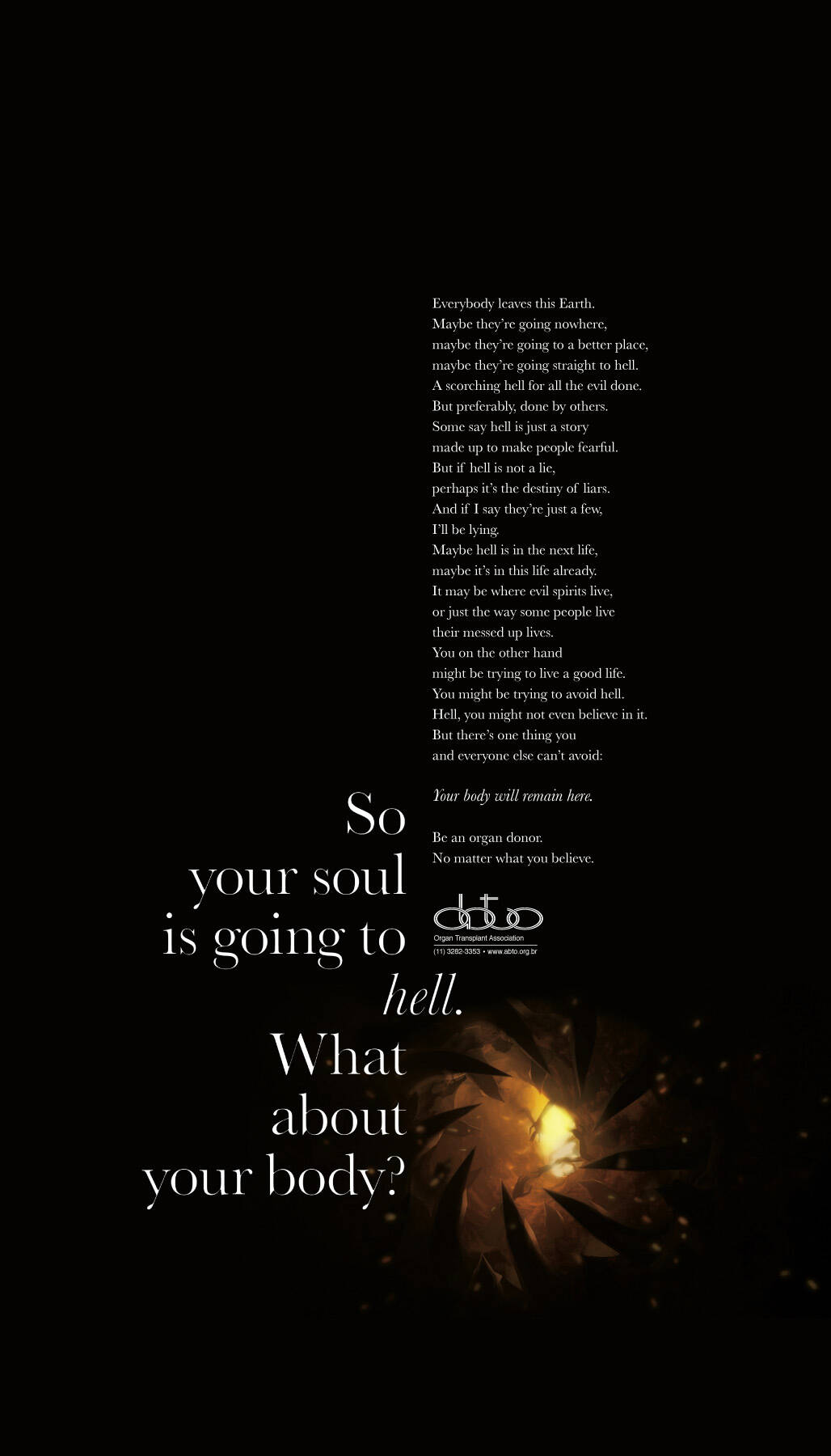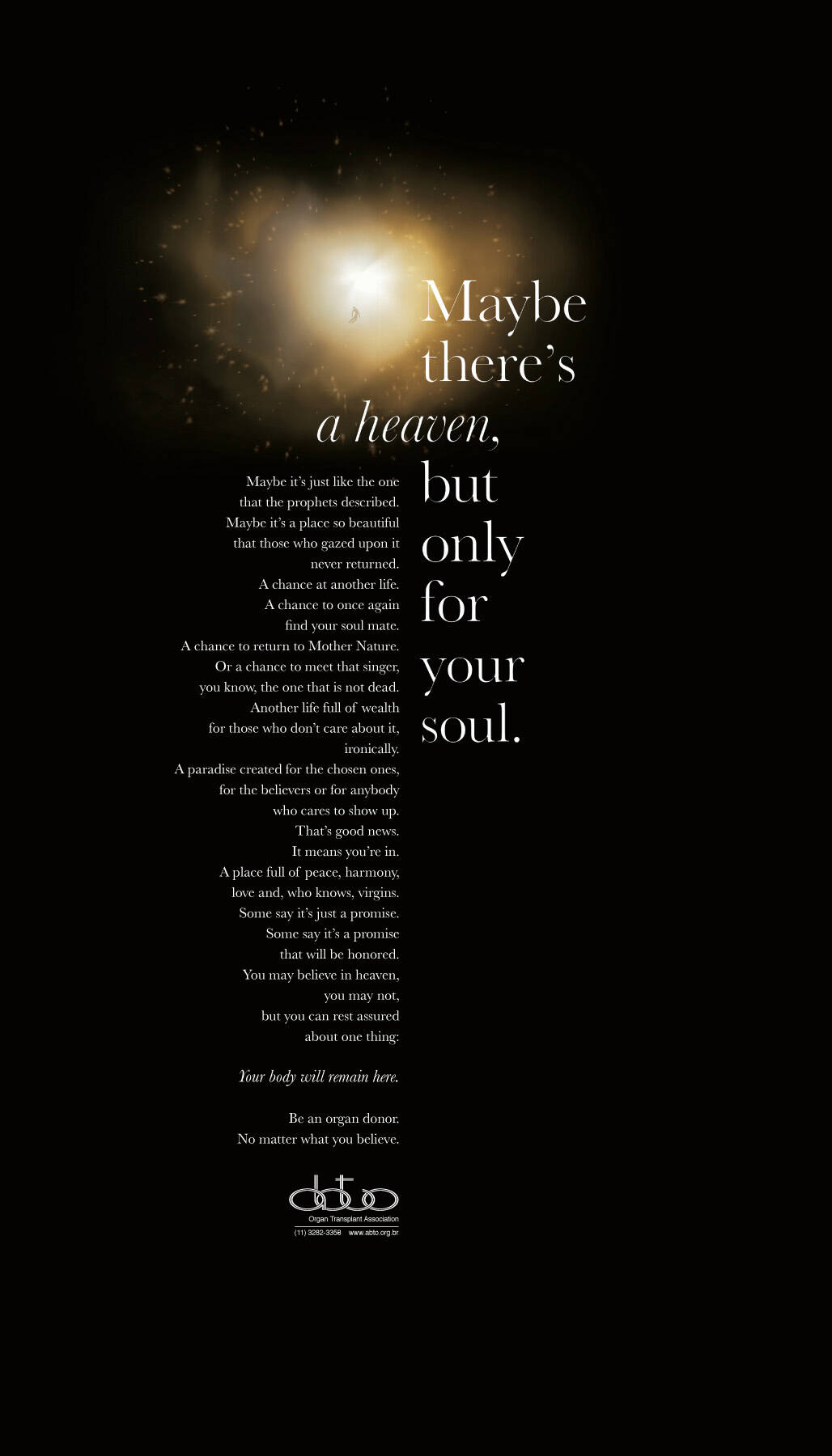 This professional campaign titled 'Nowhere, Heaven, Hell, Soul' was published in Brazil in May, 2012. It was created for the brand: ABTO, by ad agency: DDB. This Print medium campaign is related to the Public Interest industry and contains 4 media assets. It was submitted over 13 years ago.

* * *

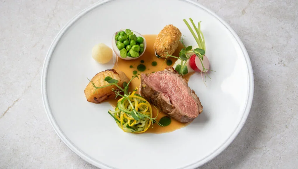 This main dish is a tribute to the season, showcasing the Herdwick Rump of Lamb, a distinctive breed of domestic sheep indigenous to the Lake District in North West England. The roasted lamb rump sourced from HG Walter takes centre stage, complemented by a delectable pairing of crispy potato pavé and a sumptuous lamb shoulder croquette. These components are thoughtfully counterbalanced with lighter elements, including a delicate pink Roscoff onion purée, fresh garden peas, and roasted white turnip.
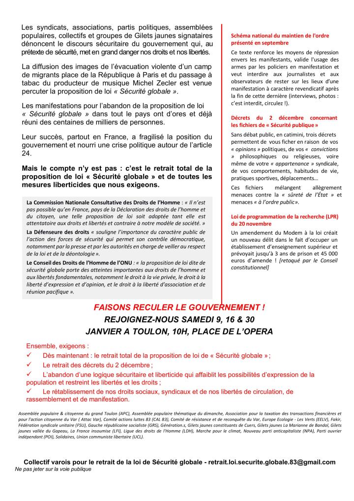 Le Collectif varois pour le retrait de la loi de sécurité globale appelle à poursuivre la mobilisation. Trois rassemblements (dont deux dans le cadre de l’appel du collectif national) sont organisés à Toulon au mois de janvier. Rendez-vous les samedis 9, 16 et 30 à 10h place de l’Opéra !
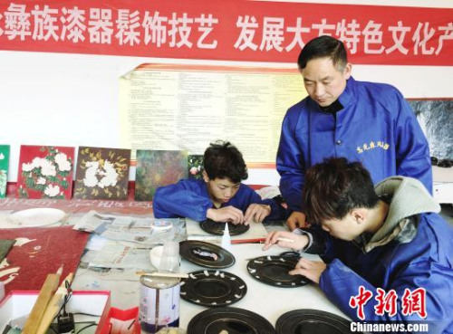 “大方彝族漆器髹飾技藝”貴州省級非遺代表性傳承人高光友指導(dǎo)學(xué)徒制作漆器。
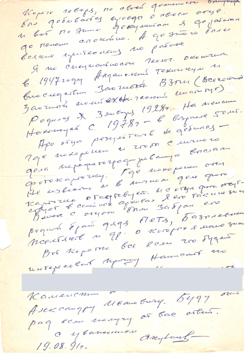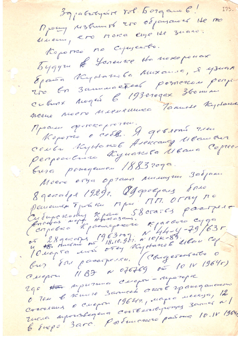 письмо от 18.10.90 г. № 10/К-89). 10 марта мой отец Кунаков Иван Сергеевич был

== Your task ==
Please repeat, exactly as written, the lines in the records above, starting with the one that has "Le Collectif varois" and going on through the one that has "письмо от 18.10.90". Pictures are to be left out.

== Response below ==
 Le Collectif varois pour le retrait de la loi de sécurité globale appelle à poursuivre la mobilisation. Trois rassemblements (dont deux dans le cadre de l’appel du collectif national) sont organisés à Toulon au mois de janvier. Rendez-vous les samedis 9, 16 et 30 à 10h place de l’Opéra !
 “大方彝族漆器髹飾技藝”貴州省級非遺代表性傳承人高光友指導(dǎo)學(xué)徒制作漆器。
 письмо от 18.10.90 г. № 10/К-89). 10 марта мой отец Кунаков Иван Сергеевич был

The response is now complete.